── Data section
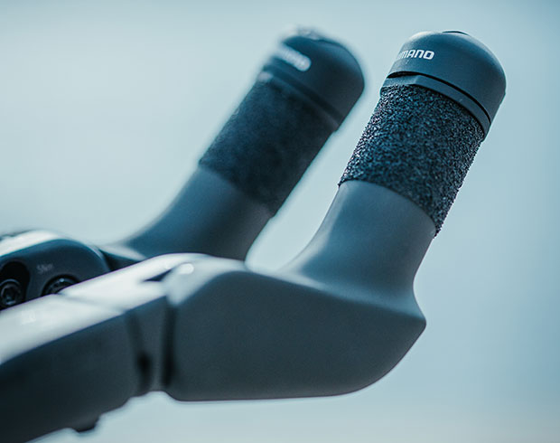 Let’s talk about the cockpit for a minute because Scott operates like Trek in that it closely works with and relies upon its accessories division for peripherals. A Trek Speed Concept uses bars made by Bontrager and Scott relies on its sister brand Syncros. In this case Syncros makes integrated cockpits for road and tri called Syncros Creston IC and that’s what we’ve got here. As we see, it can be adjusted extremely narrow in the armrests and narrower is what we’re beginning to see in tri in the pro ranks.
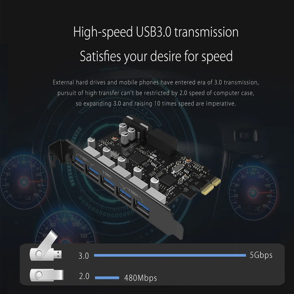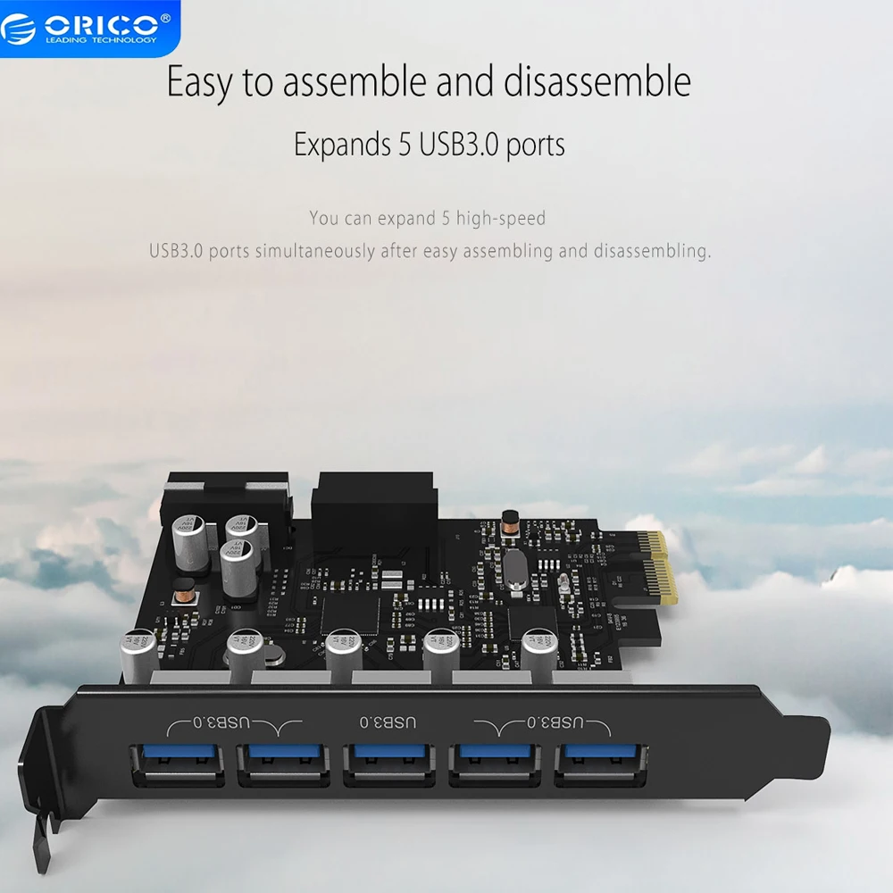 Comprar ORICO-tarjeta de expansión USB 3,0 PCI-E, adaptador Hub de 5 puertos, controlador externo, tarjeta Express con conector de alimentación de 4 pines, PCIE Adapt
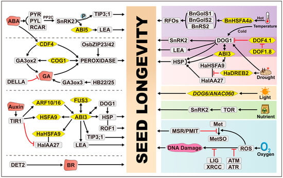 Temperature-sensitive gene DOG1 (DELAY OF GERMINATION 1), a key regulator of seed dormancy in Arabidopsis, also plays a significant role in seed longevity [41]. DOG1 promotes longevity by upregulating genes involved in stress responses, such as heat-shock proteins (HSPs) and late embryogenesis abundant proteins (LEAs). This regulation occurs partly through the activation of ABI5 expression and in coordination with ABI3 signaling [112]. Notably, DOG1 protein levels are influenced by seed maturation temperature, and loss of DOG1 function impairs seed dormancy induction at low maturation temperatures [113,114]. These findings suggest that DOG1 may orchestrate seed longevity responses to temperature through similar molecular mechanisms.
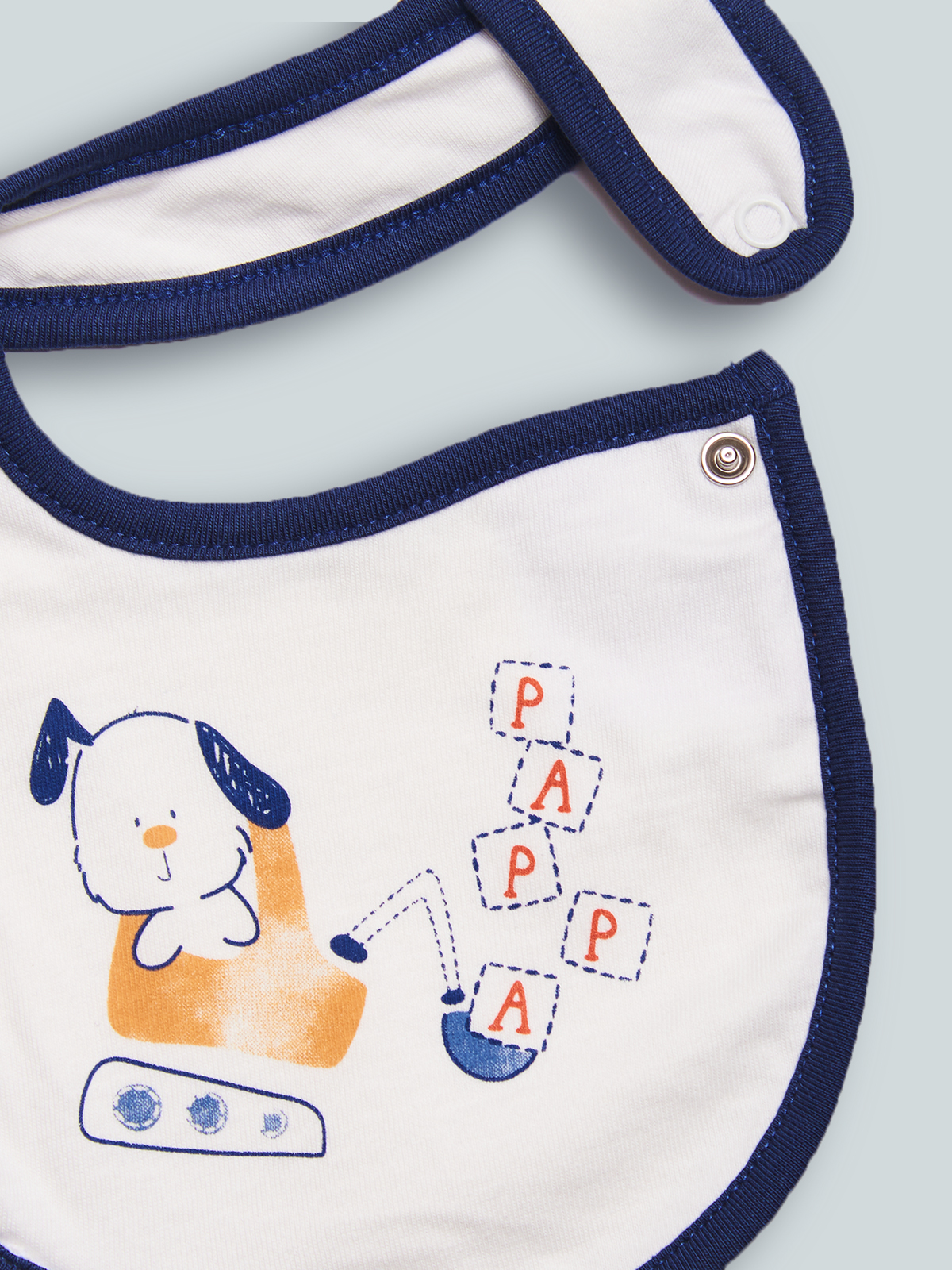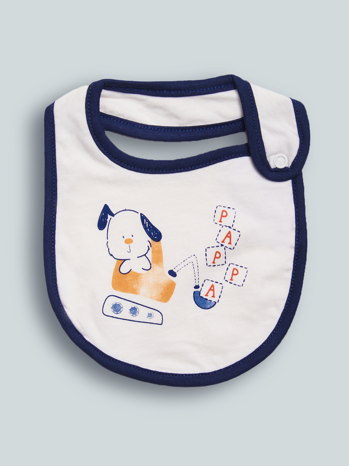 Morbido bavaglino doppiato in cotone e bordo contrasto. Apertura con bottone a pressione. Tenera stampa. Questo accessorio fa parte del corredino composto da tutti gli articoli indispensabili per il tuo neonato.
────
Without changing a word, restate the listing above; the pictures stay out.

Written solution:
 Let’s talk about the cockpit for a minute because Scott operates like Trek in that it closely works with and relies upon its accessories division for peripherals. A Trek Speed Concept uses bars made by Bontrager and Scott relies on its sister brand Syncros. In this case Syncros makes integrated cockpits for road and tri called Syncros Creston IC and that’s what we’ve got here. As we see, it can be adjusted extremely narrow in the armrests and narrower is what we’re beginning to see in tri in the pro ranks.
 Comprar ORICO-tarjeta de expansión USB 3,0 PCI-E, adaptador Hub de 5 puertos, controlador externo, tarjeta Express con conector de alimentación de 4 pines, PCIE Adapt
 Temperature-sensitive gene DOG1 (DELAY OF GERMINATION 1), a key regulator of seed dormancy in Arabidopsis, also plays a significant role in seed longevity [41]. DOG1 promotes longevity by upregulating genes involved in stress responses, such as heat-shock proteins (HSPs) and late embryogenesis abundant proteins (LEAs). This regulation occurs partly through the activation of ABI5 expression and in coordination with ABI3 signaling [112]. Notably, DOG1 protein levels are influenced by seed maturation temperature, and loss of DOG1 function impairs seed dormancy induction at low maturation temperatures [113,114]. These findings suggest that DOG1 may orchestrate seed longevity responses to temperature through similar molecular mechanisms.
 Morbido bavaglino doppiato in cotone e bordo contrasto. Apertura con bottone a pressione. Tenera stampa. Questo accessorio fa parte del corredino composto da tutti gli articoli indispensabili per il tuo neonato.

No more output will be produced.